How do I sketch $y = -2\sin\big(2(x+\frac{π}{6})\big)+1$ between $[-π,π]$ without any fuss?

Question

I've looked at a bunch of videos on youtube, asked multiple teachers and tutors yet everyone just kind of vaguely told me stuff to do and I didn't understand at all. The parts that mess me up is finding the $x$-intercepts between the domain (especially in the negative section), fitting the graph onto an axis with a scale, and determining the end shapes. I'd like an in-depth explanation on how to sketch this step by step, that I can follow and be successful with other graphs as well.

Answer 1

$$y=-2\sin2(x+\pi/6)+1=-2\sin(2x+\pi/3)+1$$ This is a linear transformation of a sine curve, so the graph will also be sinusoidal, with period $\pi$ because of the $2x$.

The extrema of this curve are obtained by substituting $\pm1$ for the sine, since those are the raw sine function's extrema. We get $3$ as the maximum when the sine is $-1$, and $-1$ as the minimum when the sine is $+1$.

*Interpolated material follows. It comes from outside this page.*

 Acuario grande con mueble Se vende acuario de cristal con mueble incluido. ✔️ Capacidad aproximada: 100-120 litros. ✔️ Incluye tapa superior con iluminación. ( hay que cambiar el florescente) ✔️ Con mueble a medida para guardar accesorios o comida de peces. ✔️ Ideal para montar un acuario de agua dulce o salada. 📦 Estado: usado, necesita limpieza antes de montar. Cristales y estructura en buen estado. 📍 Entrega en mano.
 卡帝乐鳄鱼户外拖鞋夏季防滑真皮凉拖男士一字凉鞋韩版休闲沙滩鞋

The last thing we need is a place where $y$ attains a maximum, which means $\sin(2x+\pi/3)=-1$ or $2x+\pi/3=-\pi/2$ or $x=-5\pi/12$.

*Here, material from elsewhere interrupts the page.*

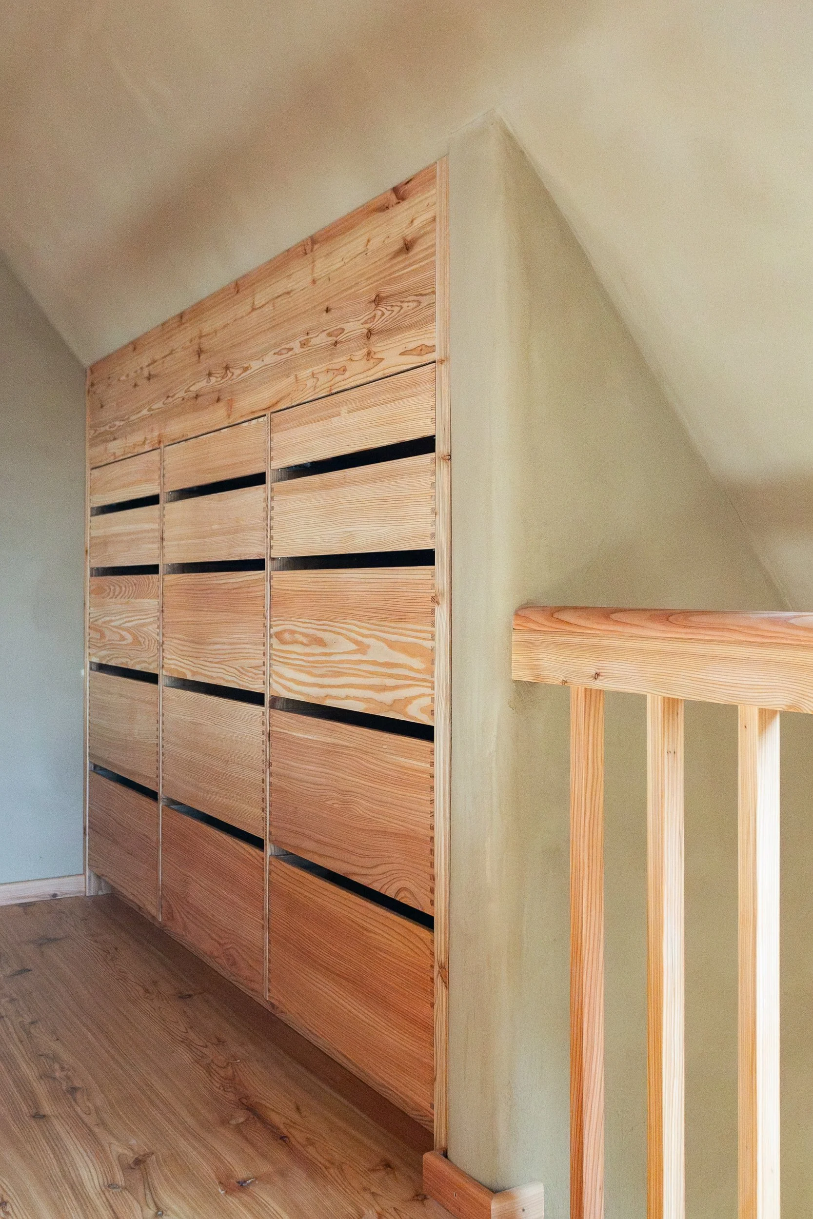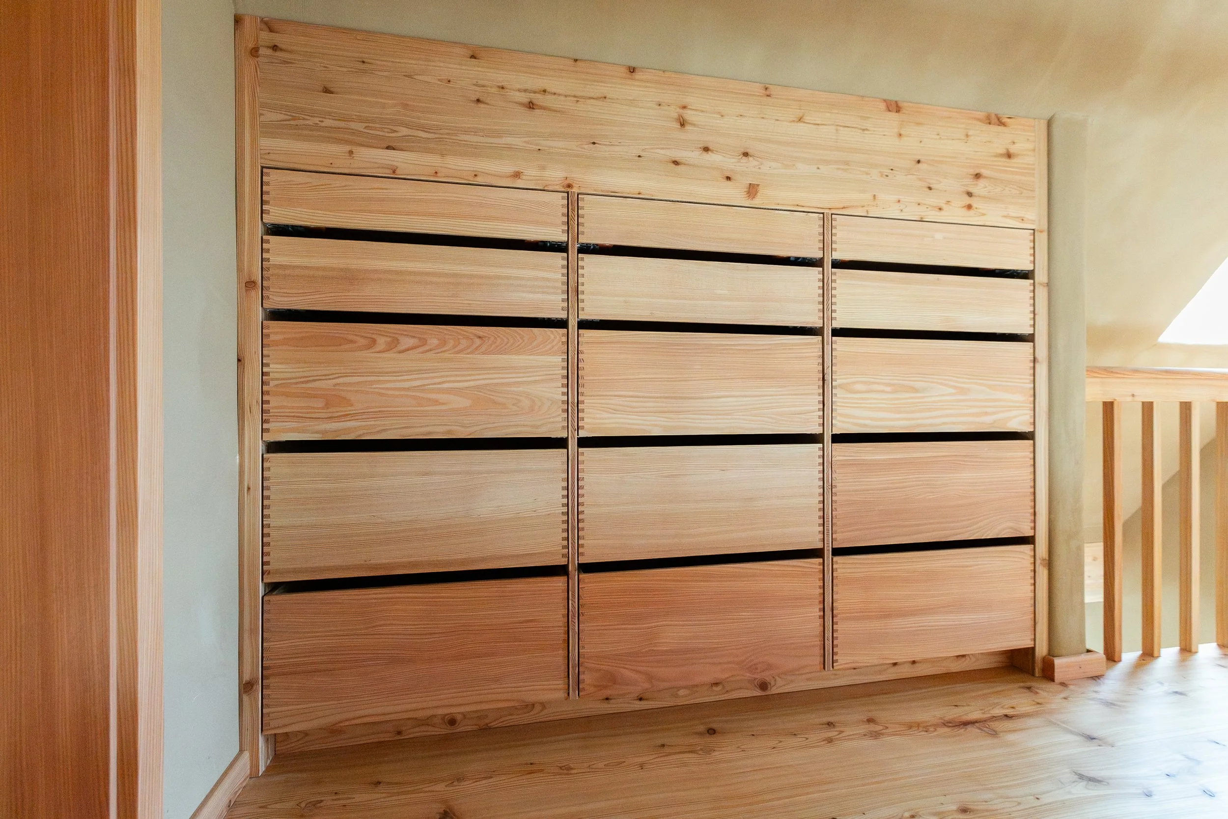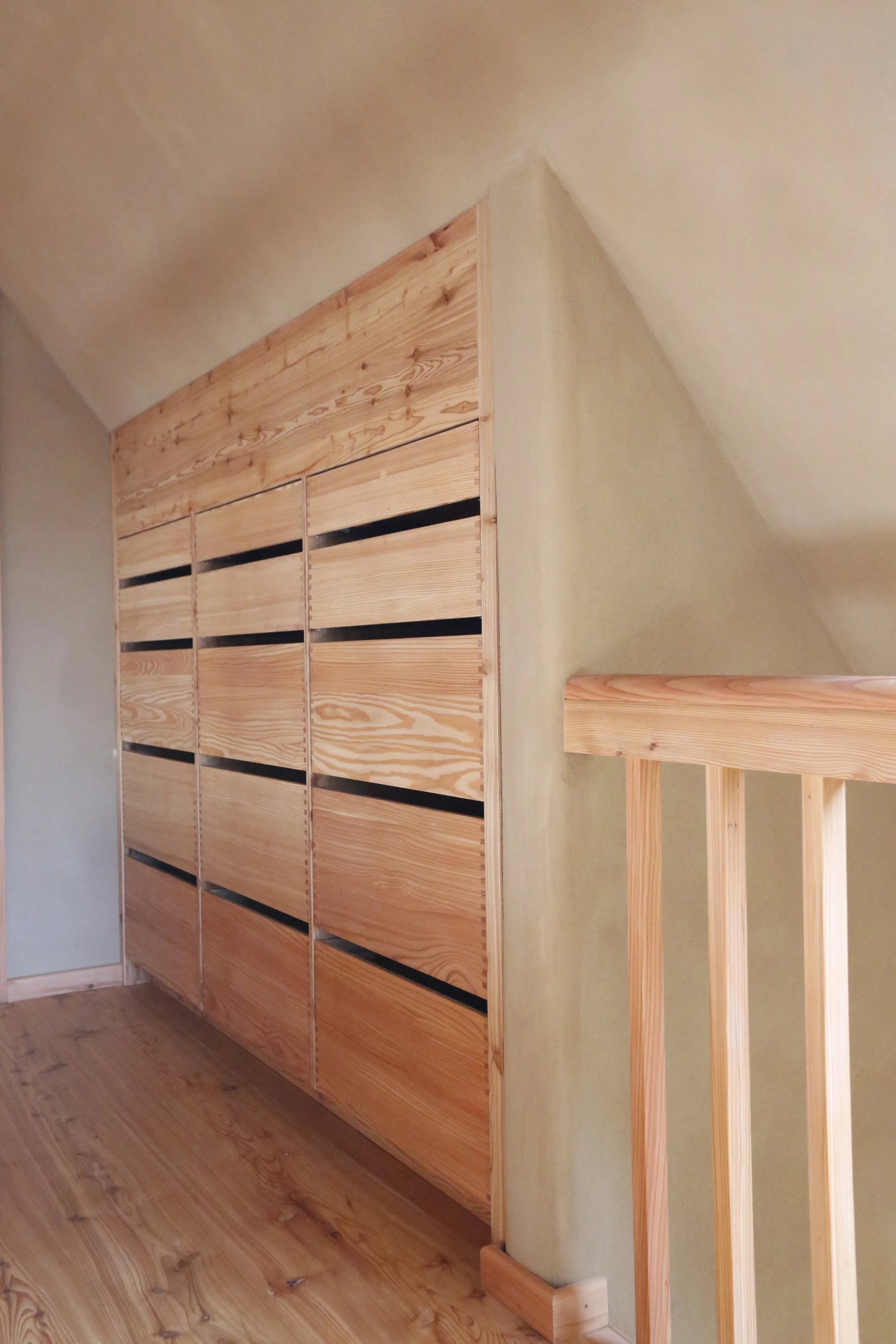 Bei dem letzten Einbauschrank im Dachgeschoss sind wir von der weiß geölten Oberfläche abgewichen. Hier haben wir die Vollholzinnenschubladen aus Lärche direkt verbaut, ohne zusätzliche Fronten.

Now to the actual plotting. We place a point at $(-5\pi/12,3)$. Advance a quarter period ($\pi/4$) and place a point midway between the lines $y=-1$ and $y=3$ – that is, at $(-\pi/6,1)$. Advance another quarter period and place a point at the minimum of $y$, i.e. $(\pi/12,-1)$. Now draw a sine curve between these three points; the rest of the graph can be obtained by repeatedly flipping this segment left and right.

Answer 2

1) determining the end shapes

Let's start with $\sin x$. We can get the original function through a series of transformations:

$$\sin(x + \frac{\pi}{6}) \text{ : shift $\sin x$ by $\frac{\pi}{6}$ units to the left}$$ $$\sin(2(x + \frac{\pi}{6})) \text{ : squish the x-axis by a factor of $2$} $$ $$-2\sin(2(x + \frac{\pi}{6})) \text{ : stretch the y-axis by a factor of $-2$} $$ $$-2\sin(2(x + \frac{\pi}{6}))+1 \text{ : shift the whole function upwards by $1$ unit} $$

Therefore, you can just follow these steps to transform the minimum and maximum points of $\sin x$ into the original graph. Since the $x$-axis is squished by a factor of $2$, you will need the points in the range $[-2\pi, 2\pi]$.

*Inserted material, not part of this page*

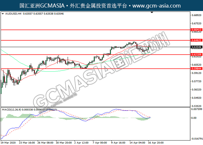 20200417 AUDUSD-午间 by keyk | Apr 17, 2020 | 澳元兑美元 | 0 comments GCMAsia - AUDUSD AUDUSD 2020-04-17 AUDUSD,H4:澳美震荡上行。MACD空头动能略减,短期可持续关注多头为主。上方关注0.6460压力和0.6640压力,下方关注0.6220支撑和0.5985支撑。

Parcly Taxel's answer gives a nice method on how to find the roots, so you can transform those as well.

The key point here is just to find the key points on the graph of $\sin x$ (or $\cos x$, $\tan x$, whichever graph you're using), and then transform them. The end shapes will come out from the minimum and maximum points.

2) fitting the graph onto an axis with a scale

The maximum and minimum points of $\sin x$ are $1$ and $-1$, so the maximum and minimum points of this function are $-2(-1) + 1 = 3$ and $-2(1)+1 = -1$. So your graph needs to span $4$ units on the $y$-axis, and $2 \pi$ units on the $x$-axis.

Let's say your graph paper is $20 \ \text{cm}$ wide and $25 \ \text{cm}$ long. Then for the $y$-axis, your scale is $1 \ \text{cm} : 0.2 \ \text{units}$.

As for the $x$-axis, the largest multiple of $2\pi$ we can get without going over $25$ is $3$. Therefore, the scale would be ${6 \pi} \ \text{cm}: \pi \ \text{units}$ which is just ${1} \text{cm}: \pi/6 \ \text{units}$.